DS2 is 6 weeks old. All he does is cry. He cries when i feed him (EBF), cries at night, cries in the pram (just been out for half an hour walk and ended up carrying him while pushing pram with one hand so he could scream in my ear instead of in the pram. He fell asleep eventually in the pram but sleeps so lightly he woke up as soon as we got home. Now crying in the pram sad

He sleeps for 2 hours at a time and wakes with a blocked nose, not hungry more than about every 4 hours (huge baby) so end up pacing room with him while my shoulders ache.

better go and get him.

tigertum2010 Sun 07-Aug-11 11:09:38

Poor you, I do sympathise. My Ds (now 16 months) was a cry-baby until fairly recently - maybe some babies just are. He would wake up as soon as we arrived home from a walk in the pram too and I can certainly sympathise with the big, heavy baby to soothe making you achey and exhausted. We were always the first to leave mum and baby get-togethers as he would be crying and grumpy.
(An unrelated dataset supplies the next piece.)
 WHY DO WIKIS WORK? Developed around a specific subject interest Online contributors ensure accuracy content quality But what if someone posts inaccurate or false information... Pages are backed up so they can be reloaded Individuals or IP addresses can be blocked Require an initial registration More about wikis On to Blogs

I don't really know what to advise. I think that as long as you are doing your best for him and that you are on a fairly even keel, maybe just accept that he is a cry-baby and plough on.

Hope things get better soon.

moaningminniewhingesagain Sun 07-Aug-11 11:13:59

You are doing a fab job, they are so so tiring at this age and I found at around 6 weeks was just when I couldn't stand the broken sleep any longer.
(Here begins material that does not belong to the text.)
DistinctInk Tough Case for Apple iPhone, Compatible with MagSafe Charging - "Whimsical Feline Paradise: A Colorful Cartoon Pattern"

If he has a clean nappy, is not hungry, getting cuddled, not too hot or too cold, then you have done all you can to help him stop crying. Have you thought about getting him checked for reflux - that can make very miserable babies.

Some babies do just cry a lot though - DD hated being a baby, DS was much more placid. Maybe try some saline nose drops if he is a bit congested?

Are you getting any help - someone to walk him out for an hour or two while you just flop on the bed? It can be really lonely at that stage, esp when BF and you feel like no one else can/will look after them even for a short while.

casperella Sun 07-Aug-11 11:15:38

This sounds awful, my heart goes out to you.

Have you tried a dummy at all? Some babies like to suckle more than others, so might be worth a try? (My 2 loved them in the early days).

Hope it gets better for you soon and you manage to get a break as suggested by others.

Scootergrrrl Sun 07-Aug-11 11:19:15

sad

It's awful isn't it? Have you tried him in a sling? My DS was heavy AND grumpy - a most unpleasant combination! - and we found one of the thins which helped was keeping him upright and close in a sling. Do you have someone who can give you a break, even by taking him out for a walk for an hour? Someone else's baby crying is never as bad as your own so don't be afraid it'll be too much to ask of someone.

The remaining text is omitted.